_SUPPLIED DATA_
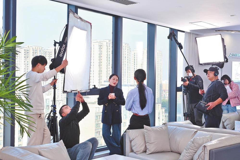 11月23日,短剧《阳台上的维特斯》在智汇城紧张拍摄。
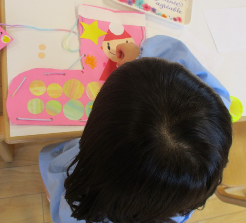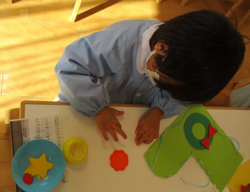 サンタブーツ制作ではプレゼントをサンタさんにもらえるのを楽しみに、一生懸命作っていました♪
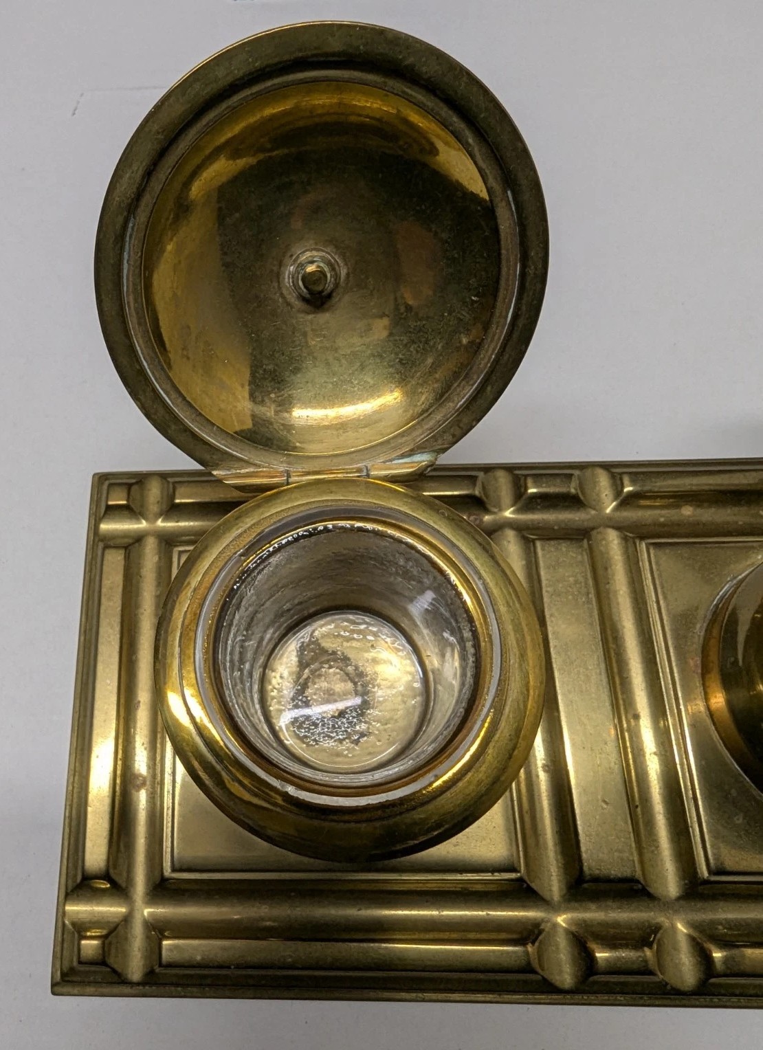 - Inkwells: Two circular, tapered brass inkwells are seated symmetrically on the left and right sides of the base.

_PROBLEM_
Everything in the data except the pictures must appear in your answer unchanged.

_ANSWER FOR THE TASK_
 11月23日,短剧《阳台上的维特斯》在智汇城紧张拍摄。
 サンタブーツ制作ではプレゼントをサンタさんにもらえるのを楽しみに、一生懸命作っていました♪
 - Inkwells: Two circular, tapered brass inkwells are seated symmetrically on the left and right sides of the base.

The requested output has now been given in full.